監督のインタビューによると原題の”悲しみのトライアングル”は、美容業界で使われる言葉で眉間にできる皺を意味する。冒頭のモデルオーディションのシーンでも分かる様に、無表情のハイブランドモデルと笑顔のファストファッションブランドの対比が社会の格差を表している。ヤヤとカールのレストランの支払いの揉め事にある様に、モデル業界は男女で稼ぐ額が大きく異なり、女性モデルは男性モデルに対して一つ桁が違う格差が生まれる。映画の中で常に付きまとうのが、格差や社会的な立場によるヒエラルキーで、富豪を乗せる豪華絢爛なクルーズ船の人々と、接客をする白人たち、甲板の清掃をするブルーカラーと有色人種の対比がまざまざと描かれる。好き勝手に楽しむ船長と富豪たちとは対象的に、後片付けをする清掃員の隷属的な立場。コミュニズムとキャピタリズムで何故か打ち解ける船長(マルクスとチョムスキーを愛する役は名優ウディ・ハレルソン)とロシアの富豪の無茶苦茶な関係など、とにかくしっちゃかめっちゃか。柔和かと思いきや武器の輸出で儲けたイギリス人老夫婦の下りは笑わせてくれる。物々しく銃を構えた船員がいる事が、その後の出来事を予兆させる。とにかく脚本が秀逸で、言葉で説明せずともその後に起きる事をしっかり予兆させておいて、しっかりその通りに物事が進む。

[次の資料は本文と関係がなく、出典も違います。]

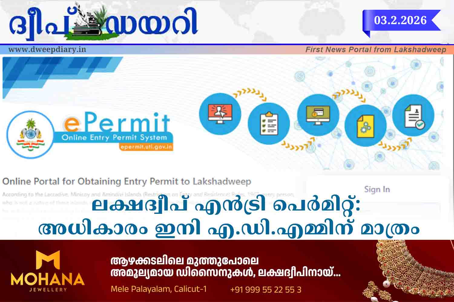 - ഏകജാലക സംവിധാനം: നിലവിൽ ചില ദ്വീപുകളിൽ ഡെപ്യൂട്ടി കളക്ടർമാരും (DCs) ബ്ലോക്ക് ഡെവലപ്മെന്റ് ഓഫീസർമാരും (BDOs) പെർമിറ്റുകൾ പുതുക്കി നൽകുന്നതായി ശ്രദ്ധയിൽപ്പെട്ടതിനെത്തുടർന്നാണ് ഈ നടപടി. ഇനി മുതൽ കവരത്തി കളക്ടറേറ്റിലെ അഡീഷണൽ ഡിസ്ട്രിക്റ്റ് മജിസ്ട്രേറ്റ് (ADM) മാത്രമായിരിക്കും പെർമിറ്റ് നൽകാനുള്ള ഏക അതോറിറ്റി.
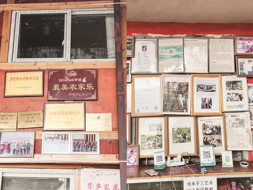 她說(shuō):“一開(kāi)始,我的目的就是想掙錢(qián),想要這個(gè)家庭擺脫貧困。在開(kāi)辦這個(gè)農(nóng)莊之前,我家一直就在借債還債的循環(huán)中苦苦掙扎。天有不測(cè)風(fēng)云,2006年丈夫華建做心臟手術(shù),2007年又做膽息肉手術(shù),花光了四處借來(lái)的四萬(wàn)多塊錢(qián),丈夫出院回家后,不能外出打工,又要急著還人家的錢(qián),在無(wú)計(jì)可施的時(shí)候,我們想到了搞養(yǎng)殖,養(yǎng)魚(yú)魚(yú)死光了,養(yǎng)雞倒是成功了,但是賣(mài)不出去,基本虧了個(gè)底朝天。我只好四處打工,但是基本上都處于入不敷出的尷尬境地?!?013年長(zhǎng)子華啟明住院做脾裂手術(shù),2015年公公腦梗,又去州醫(yī)院手術(shù),好像前半輩子就是借錢(qián)、還錢(qián),拆東墻補(bǔ)西墻,無(wú)可奈何。正當(dāng)經(jīng)濟(jì)上緊張得不可開(kāi)交,覺(jué)得山窮水盡時(shí),國(guó)家出臺(tái)了鄉(xiāng)村振興戰(zhàn)略,她響應(yīng)國(guó)家號(hào)召,想到了回到家鄉(xiāng)開(kāi)辦農(nóng)家樂(lè)。第一年,在“婦女創(chuàng)業(yè)”貸款8萬(wàn)元、信用社貸款16萬(wàn)元,把農(nóng)家樂(lè)勉強(qiáng)辦起來(lái)了。在幾年的經(jīng)營(yíng)中,“茅廬農(nóng)莊”的口碑越來(lái)越好,在2016年被杵坭鄉(xiāng)授予“2016大眾評(píng)選最美農(nóng)家樂(lè)”,在2018年人氣美食商家網(wǎng)評(píng)選為“瀘定縣網(wǎng)友喜愛(ài)美食商家評(píng)選季軍”,2019年人氣生態(tài)評(píng)選網(wǎng)評(píng)選為“瀘定縣網(wǎng)友喜愛(ài)生態(tài)休閑農(nóng)莊評(píng)選季軍”。現(xiàn)在,農(nóng)莊的生意越來(lái)越好,規(guī)模越來(lái)越大,家里的日子越來(lái)越好,一家人也過(guò)上了幸福的生活。
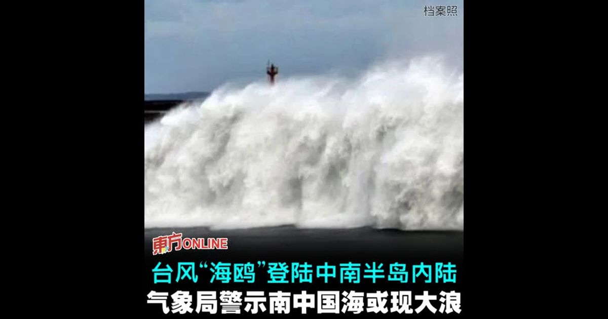 台风“海鸥”登陆中南半岛内陆 气象局警示南中国海或现大浪

そして島に流れ着いた先にある社会構造の転覆した関係性は、痛烈な社会批判に仕上がっている。自然を生き抜くのは火を起こし、狩りができる能力をもつ人間であり、ソーシャルの中で生き抜くためにはヒエラルキーの中で生きるしか方法は無い。全てが翻る時、恐ろしいほど個人の能力が試される。男女関係なく能力で資本を勝ち取れるかという、原始的な社会の構造に立ち返った時、どの様に立ち回れるかで立場が変化する。しかし、そのドラスティックな関係がもとに戻る時、人はどの様な行動に出るのだろう。コミュニズムからキャピタリズムへと戻る時に、無情なまでに一時的な関係は脆くも崩れ去っていく。社会を捨てその場に留まるのか、社会へと戻っていくのかの余韻が残される。社会という幻想を痛々しいまでに突きつける所に本作のラディカルなテーマがある様に感じられる。